Don't make the mistake of designing your program to be dependent on a particular implementation of the JVM. As you'll learn a little later, different JVMs can run threads in profoundly different ways. For example, one JVM might be sure that all threads get their turn, with a fairly even amount of time allocated for each thread in a nice, happy, round-robin fashion. But in other JVMs, a thread might start running and then just hog the whole show, never stepping out so others can have a turn. If you test your application on the "nice turn-taking" JVM, and you don't know what is and is not guaranteed in Java, then you might be in for a big shock when you run it under a JVM with a different thread scheduling mechanism.



I understood from the sentence in bold that a thread (in some Java Virtual Machine implementations) can get the running state and never step out. Well, I can think different possibilities that a thread will keep the CPU forever (in some Java Virtual Machine implementations), for example, a thread which target Runnable has an endless loop in its run() method.

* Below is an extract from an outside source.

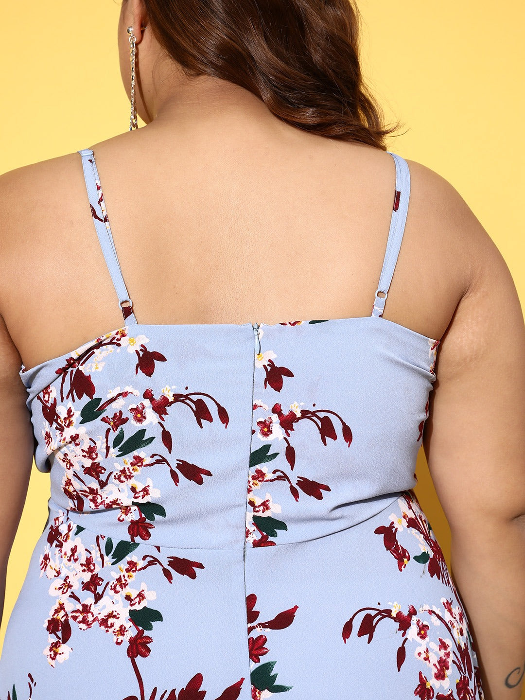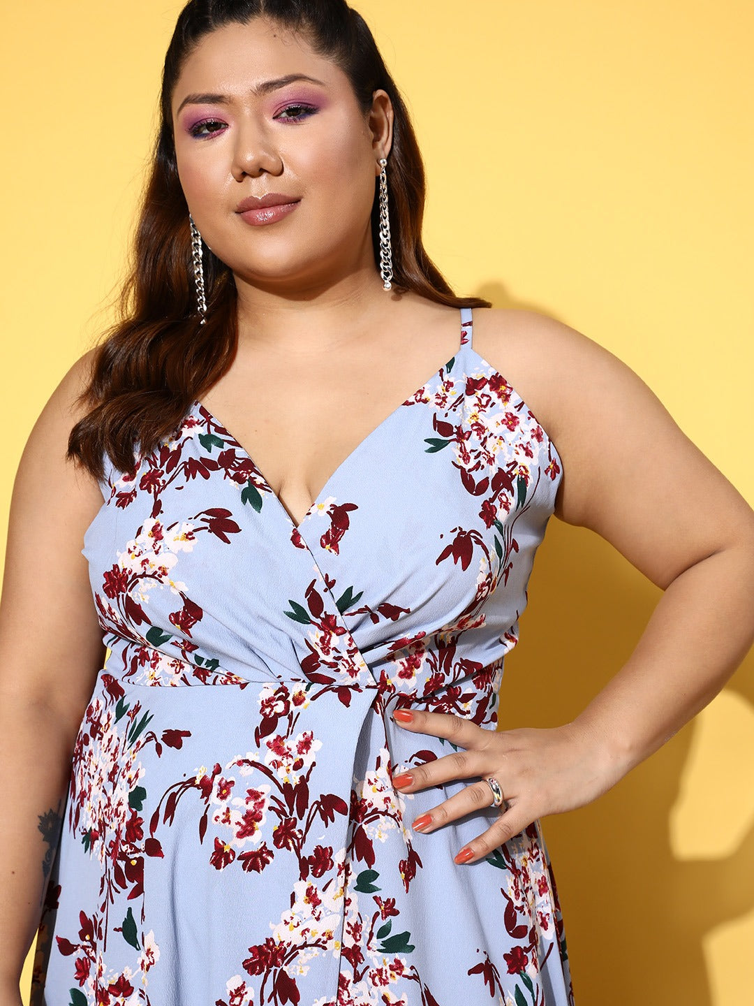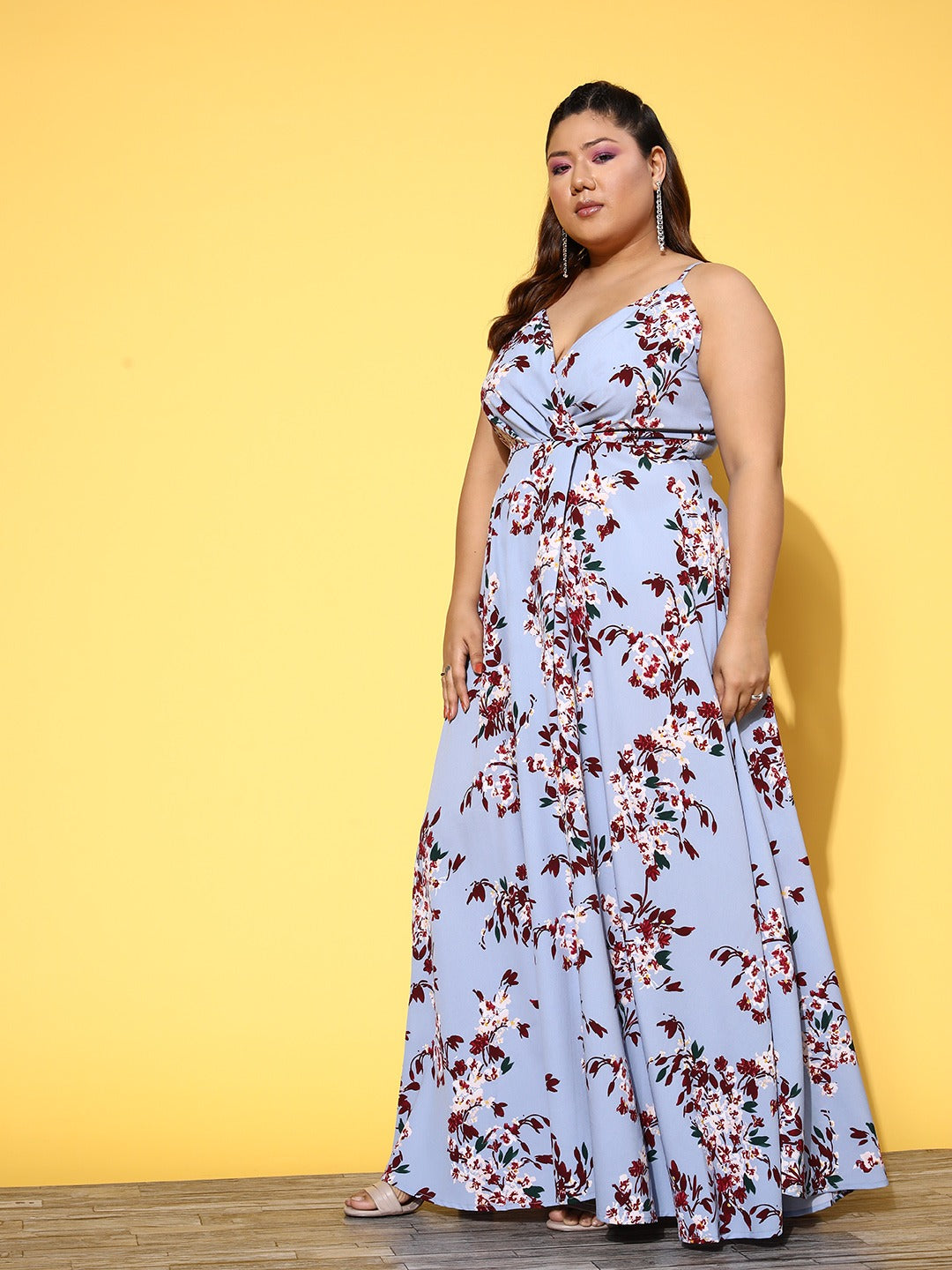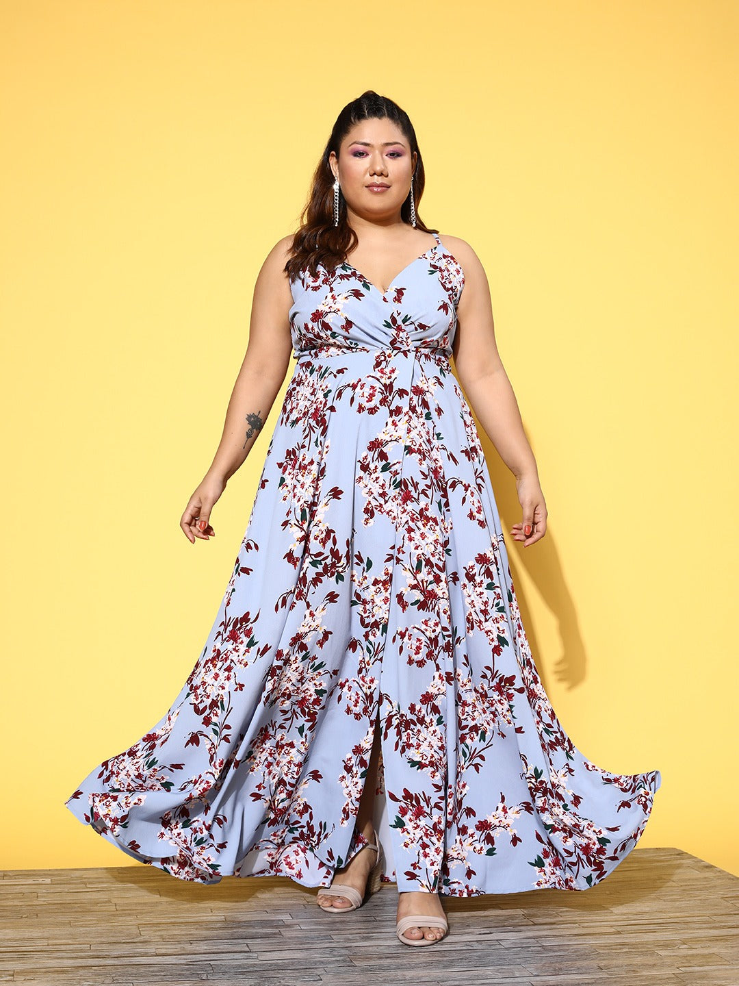 Berrylush Women Plus Size Blue & Maroon Floral Printed V-Neck Sleeveless Crepe Thigh-High Slit Fit & Flare Maxi Dress

If this thread gets the running state in this kind of Java Virtual Machine implementations, it will keep the CPU forever.

So, there is not guaranteed that a started thread will run to completion in all Java Virtual Machine implementation.

Again, I repeat to myself

THERE IS NOT GUARANTEED THAT A STARTED THREAD WILL RUN TO COMPLETION IN ALL JAVA VIRTUAL MACHINE IMPLEMENTATIONS.

Well, but in MY EXAMPLE, can this situation happen? All the four threads (main thread, one, two and three) are FINITE. So, if one of these four threads, for example, thread "three" gets the running state in this kind of Java Virtual Machine implementations and keep the CPU so others can not have a turn, in some moment the thread "three" will finish its run() target method (in this example is only to print out a String) and it will leave the running state, so other thread can have a turn, and all of them will run to completion (in this example)

Am I right?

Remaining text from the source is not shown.